Poco a poco, una vez recopilados los datos, nombres y su procedencia, se pusieron en contacto con otras 21 familias para indicarles que habían localizado a sus antepasados en la fosa de Pajaroncillo. El resto de cuerpos «nos es casi imposible. O ya no viven o no quieren saber nada. Adolfo Pastor, de La Gavilla Verde, encontró a un familiar del chiquillo que falleció y al que sus padres le pusieron el mismo nombre. Nos dice que no le interesa el tema».
La asociación, que ya ha solicitado una subvención al Ministerio de Justicia, permanece a la espera para que se inicien cuanto antes las tareas de exhumación que llevará a cabo el laboratorio de arqueología funeraria Paleolab. «Primero harán uso de un georadar para ver dónde está ubicada exactamente y a partir de ahí levantarán la tierra en distintas campañas de verano», detalla Cantero, que cuenta que «una persona nos ha mandado imágenes de la época que señalan con una piedra dónde estaría la fosa. Bajo el pasillo de entrada al cementerio».
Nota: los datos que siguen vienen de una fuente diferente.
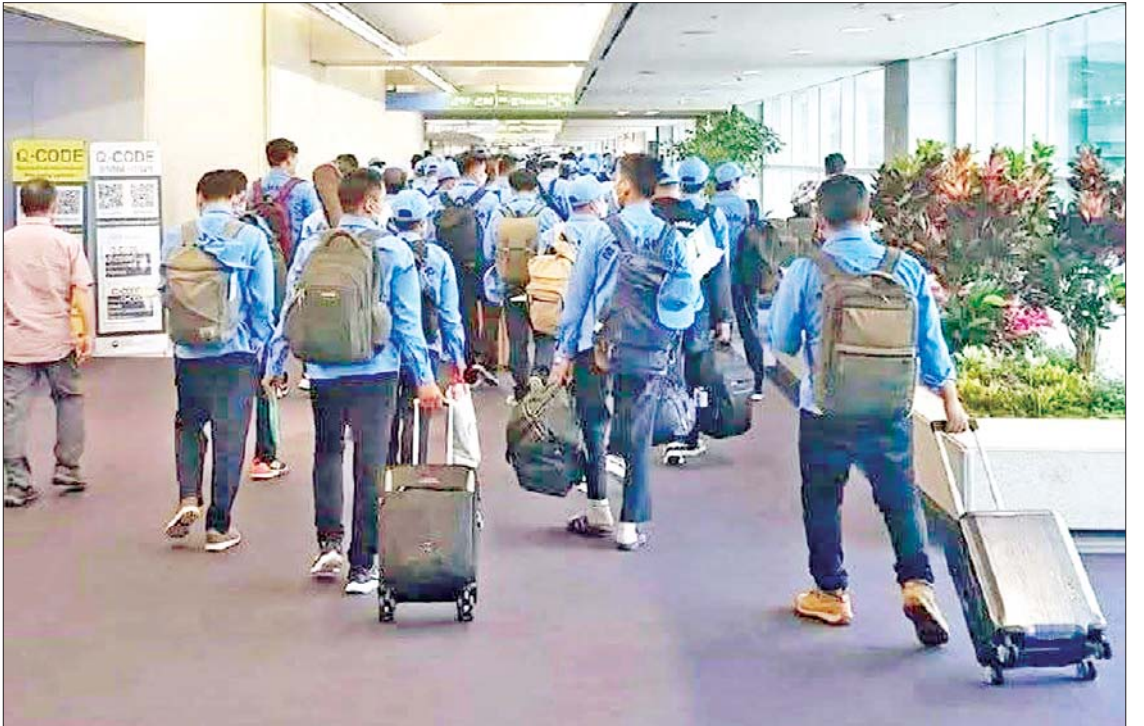
ယခင်နှစ်က ဂျပန်နိုင်ငံကုမ္ပဏီများသို့ သွားရောက်လုပ်ကိုင်သည့် မြန်မာလုပ်သားများကို တွေ့ရစဉ်။

ရန်ကုန် ဖေဖော်ဝါရီ ၃ ဂျပန်ကုမ္ပဏီ ၄၅၀ ကျော်က မြန်မာ လုပ်သား ၁၅၀၀ ခန့် ခေါ်ယူမည် ဖြစ်ကြောင်း ဂျပန်နိုင်ငံဆိုင်ရာမြန်မာသံရုံး ၏ အလုပ်ကမ်းလှမ်းစာ ထုတ်ပြန်ထား သည့်စာရင်းများအရ သိရသည်။ သံရုံး၏ထုတ်ပြန်ချက်၌ မြန်မာသံရုံး တို့ကျိုမြို့အနေဖြင့် အလုပ်သမားဝန်ကြီး ဌာနက နိုင်ငံခြားရေးဝန်ကြီးဌာနမှ တစ်ဆင့် ပေးပို့လာသည့် အလုပ်ကမ်း လှမ်းစာ (Demand Letter) များကို စိစစ် ဆောင်ရွက်ပေးလျက်ရှိပြီး ထိုသို့ စိစစ် ဆောင်ရွက်ရာတွင် ဂျပန်နိုင်ငံရှိ အလုပ် သမား ကြီးကြပ်ရေးကုမ္ပဏီနှင့် အလုပ် ခေါ်ယူသည့် စက်ရုံ/ ကုမ္ပဏီများသည် ဂျပန်နိုင်ငံတွင် တရားဝင်တည်ထောင် ထားခြင်း ရှိ/ မရှိ စာရွက်စာတမ်း အထောက်အထားများ စိစစ်ပြီး စိစစ်တွေ့ ရှိချက်များ၊ သဘောထားမှတ်ချက်များကို နိုင်ငံခြားရေးဝန်ကြီးဌာနမှ တစ်ဆင့် စာမျက်နှာ ၁၉ ကော်လံ ၁ သို့ ၀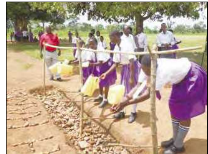
▼簡易手洗い装置(ウガンダの学校)

透明性と説明責任: ウガンダやボルネオでの取組をサラヤの持続可能性レポート等で随時更新、公開。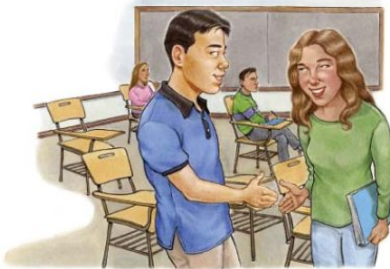
delighted to meet you (f)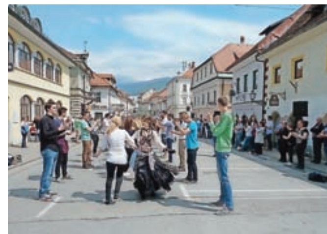
Kamniški maturantje so tudi letos na Glavnem trgu zaplesali četvorko.

Približno sto osemdeset maturantov Gimnazije in srednje šole Rudolfa Maistra se je pred maturo sprostilo s plesom v središču mesta.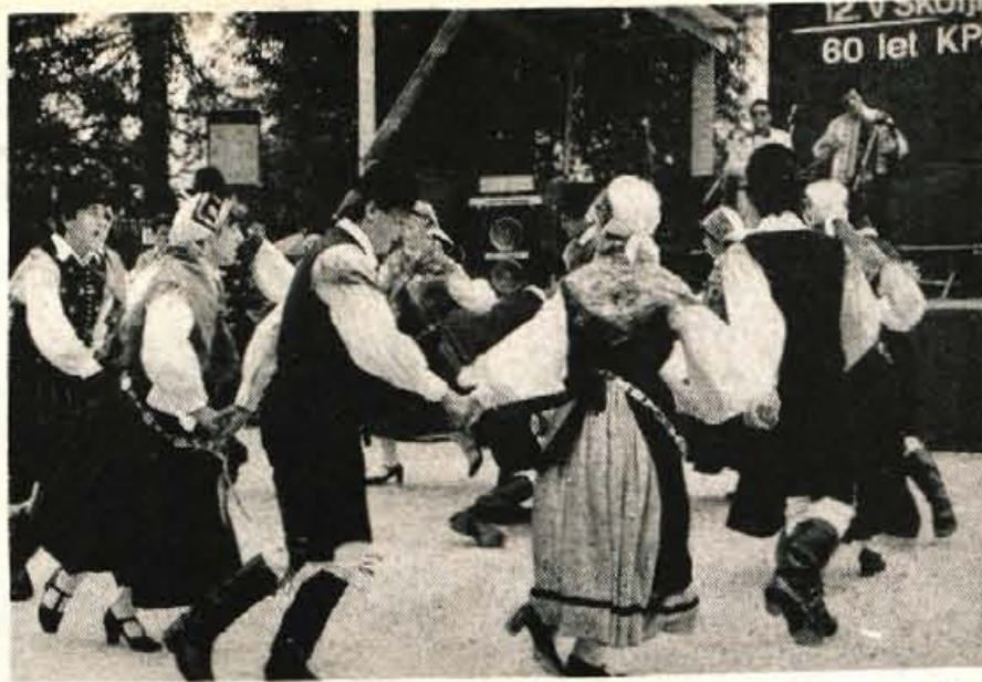
Med izseljenci je bilo tudi veliko naših zdomcev, predstavniki Porabskih Slovencev in s Škofjo Loko pobratene občine Sele na Koroškem. Med številnimi skupinami se je predstavila folklorna skupina Ljubljana iz Essna, ki združuje naše delavce, začasno zaposlene v tujini.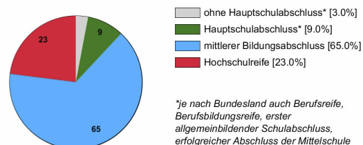
Ausbildungsbereich Industrie und Handel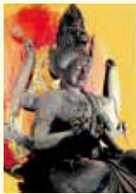
国指定重要文化財 木造愛染明王坐像

重要文化財「木造愛染明王坐像」は、鎌倉時代後期に作られた檜の寄木造の木像です。頭に獅子の冠を戴き、忿怒の表情がいきいきと表現され、芸術的に大変優れていると評価されています。長い歴史の中で火災や中越地震を乗り越え、多くの人々に信仰されてきた本像を1日限定で御開帳します。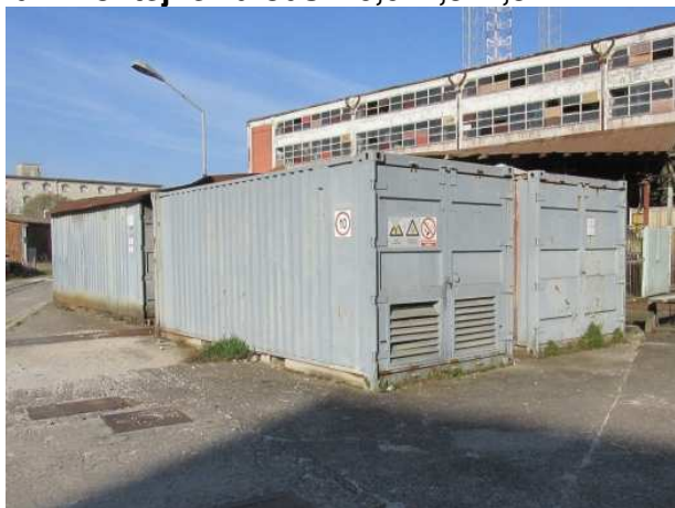
Ad 2 Kontejner brodski 6,0x2,5x2,5 m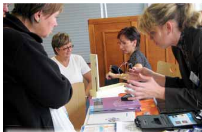
Zájem lidí byl o měření krevního tlaku, o informace k léčbě infarktu a dalších nemocí srdce.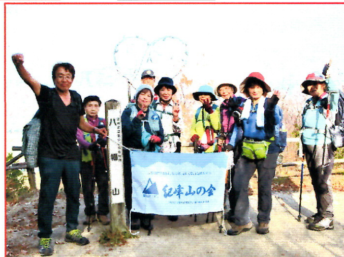
(写真 12) (八幡山山頂)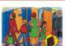
В ОБЩЕСТВЕННЫХ МЕСТАХ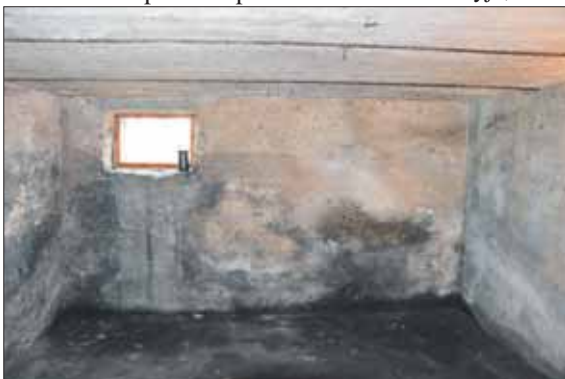
Atverta laikinojo sulaikymo kamera su sienose įrėžtais kalėjusių žmonių įrašais.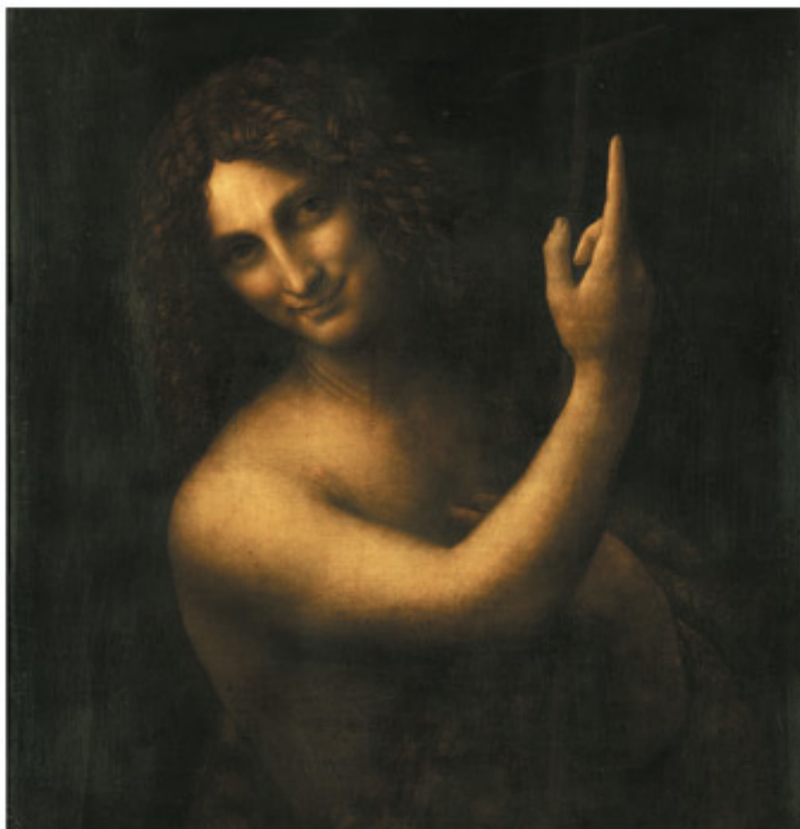
Леонардо Да Винчи. Иоанн Креститель. 1513 г.

«Ангел во плоти» выбалтывает о личной жизни да Винчи то, о чем красиво молчат другие его златокудрые юноши-полубоги. Для меня этот поздний андрогин – шутовское воспоминание гениального старика о молодых флорентийских годах, о беспечном, озорном времени, когда все казалось доступным, забавным и легким, когда аппетитные синьорины и утонченные эфебы были ему одинаково желанны, когда он, юный красавец, постигал азы любви на темных улицах и в душных кабаках, где бессовестно наслаждался анатомией (хладнокровно ее изучать стал много позже).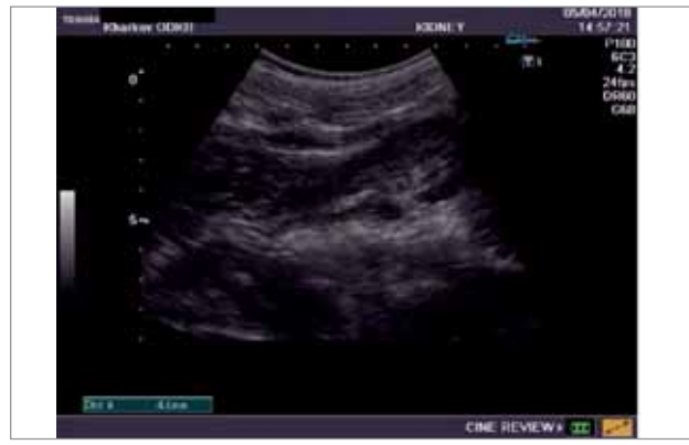
Рис.3. Візуалізація сечоводу у воротах правої нирки пацієнта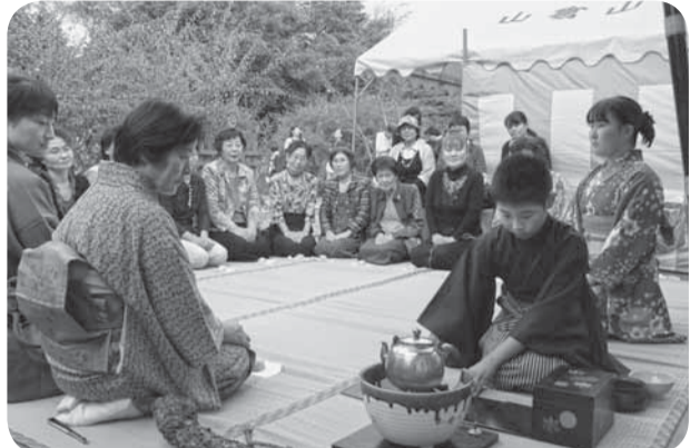
▲子どもたちからお茶が振る舞われました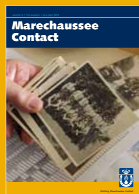
11 oktober 2012 Herinneringen ophalen tijdens de Algemene SMC-reünie.

SMC-begunstigers treffen bij dit nummer van MC een acceptgiro 'begunstigerbijdrage 2013' aan. Het bedrag is hierop nog niet ingevuld, zodat u de mogelijkheid hebt een hoger bedrag in te vullen. Deze gelden komen ten goede aan SMC-activiteiten zoals aan het uitgeven van Marechaussee Contact (MC). Betaling via Internetbankieren heeft de voorkeur, dit brengt minder kosten met zich mee. Vermeld wel uw begunstiger nummer (zie acceptgirokaart). Voor 2013 gelden de volgende vastgestelde minimumbijdragen: € 15,- voor begunstigers woonachtig in Nederland, € 20,- voor begunstigers woonachtig buiten Nederland en € 7,50 voor partners van ons ontvallen begunstigers. Adreswijzigingen en aanmelden van nieuwe begunstigers: Cor de Boom Informatie over de betaling van de bijdrage: Piet van Sprang Contactgegevens: zie pagina 27.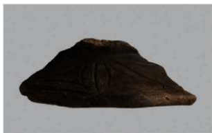
8 H-6 出土土器 (第 179 图 100)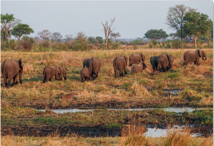
Einen Abstecher oder sogar eine eigene Reise wert: Die Nationalparks im Caprivi-Streifen erinnern mit ihren großen Elefantenherden an den Chobe National Park in Botswana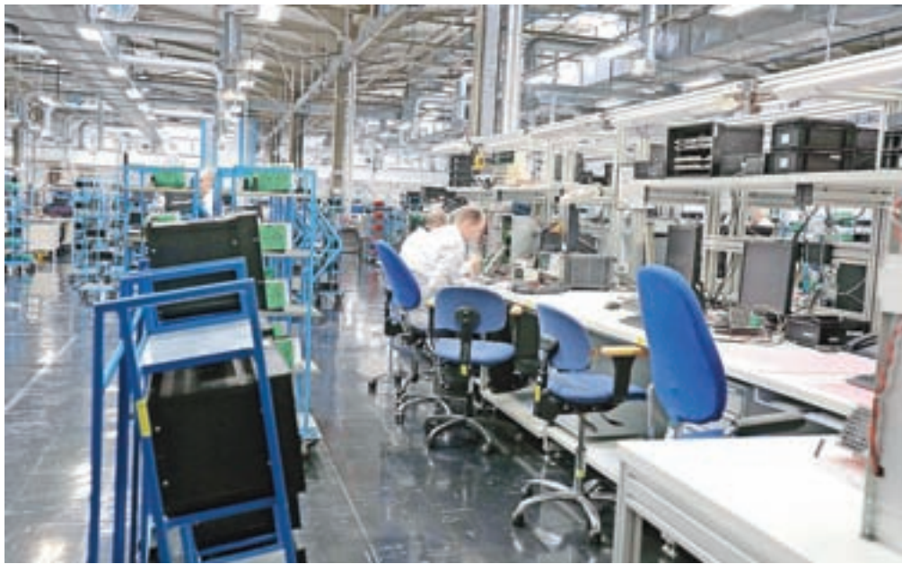
V več podjetjih so izrazili željo, da bi lahko kombinacijo ukrepov skrajšane delovnega časa in čakanja na domu koristili dlje časa.

V Sumidi z Blejske Dobrave pravijo, da zaradi nejasnosti v zvezi s sprejemom tretjega interventnega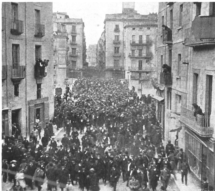
La comitiva, al seu pas pel carrer Nou i el pont de Pedra.

El mateix dissabte a la tarda una comissió formada per Francesc Cambó, Miquel Junyent (carlí) i Joa-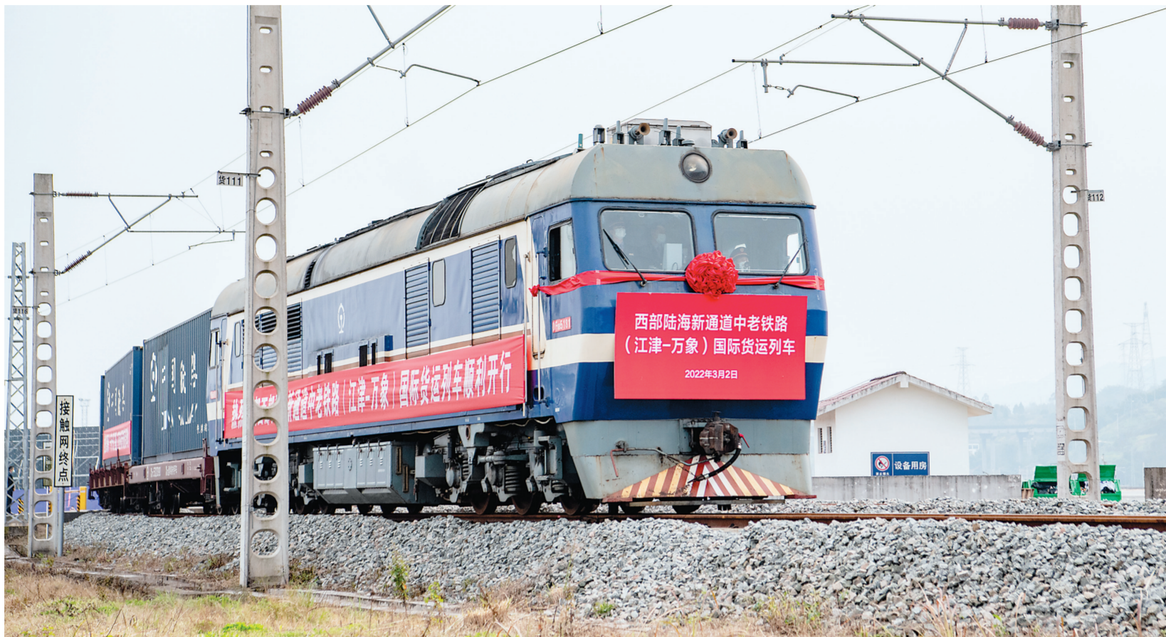
3月2日，中老铁路(江津-万象)国际货运首发列车从小南垭铁路物流中心驶出。当日，首趟陆海新通道中老铁路(江津-万象)国际货运列车在重庆江津路环物流园片区的小南垭铁路物流中心正式发车，共运载37个集装箱，货值约400万元，包括化工品、建筑材料、通用机械、日用百货等。

仪式上，中共中央政治局委员、北京市委书记、北京冬奥组委主席蔡奇发表热情致辞，强调将兑现“两个奥运、同样精彩”的承诺，举办一届简约、安全、精彩的残奥盛会。仪式还播放国际残奥委会主席安德鲁·帕森斯的视频致辞。 中央和国家机关有关部门、北京市、河北省和北京冬奥组委负责同志，火炬手、运动员、志愿者和社会各界代表等约400人参加。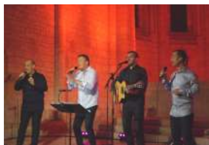
Barbara Fortuna, l'âme corse à envouté le public le 23 09 2017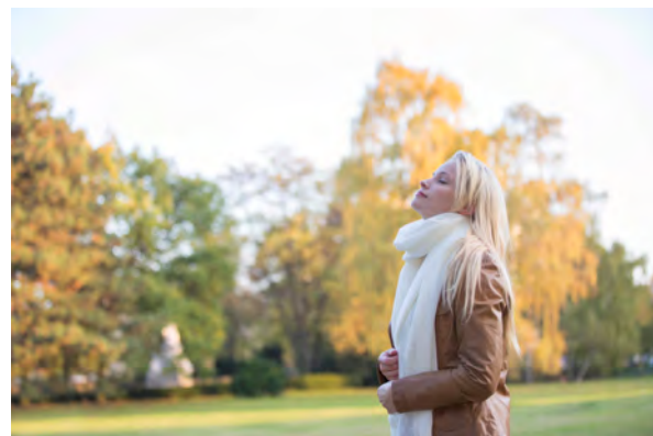
Открываем возможности для пациентов.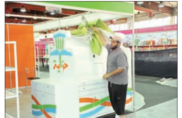
أحد الأجنحة في طور التجهيز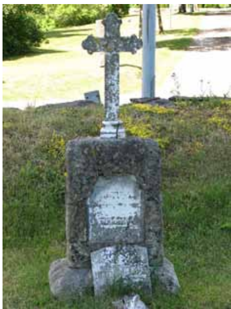
Sandstensvård med marmorplatta och kors. En marmorplatta till en idag försvunnen vård ligger framför (KI Ryssby kyrkog 064)

gjutjärnsstaket är en häst avbildad på grinden. Vårdarna är sköldformade plåtar som är fästa på staketet.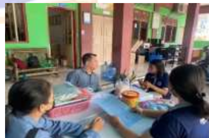
Penyerahan Surat Observasi dan Pelaksanaan Wawancara Bersama Dengan Wali Kelas IV di SD Muhammadiyah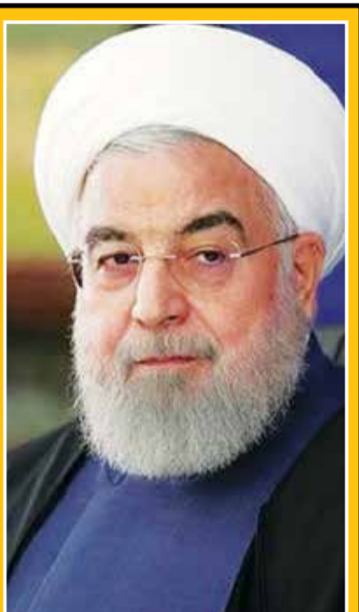
حسن روحانی رئیس جمهور

چالش میان وزارت بهداشت با بخش اقتصادی دولت ادامه دارد؛ در آخرین رویداد نمکی گفته اشتباهی وزیر شده و آن میزان پولی که از طرف دولت برای این وزارتخانه تخصیص داده شده را نمی خواهد زیرا کم است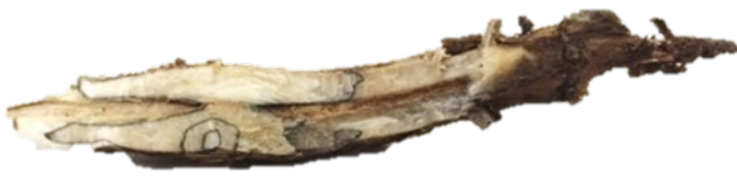
Figure 1. Les lignes de zones sombres dans la section longitudinale inférieure de la tige révèlent une infection par le champignon Diaporthe .

El portavoz de las familias muestra su desilusión por la falta de recursos que les han brindado las administraciones para financiar las labores de recuperación. «Castilla-La Mancha hace caso omiso y nos dice que el responsable es el Gobierno, mientras que el resto de comunidades nos prestan su apoyo. Cataluña, por ejemplo, nos costearía las pruebas de ADN», comenta, y agrega que las trabas e impedimentos que se ponen para exhumar cuerpos de fallecidos de la Guerra Civil se deben a que «hay miedo a perder la poltrona que tienen. Trabajen para los intereses del pueblo, cumplan con la ley y hagan justicia después de 81 años de espera de los familiares».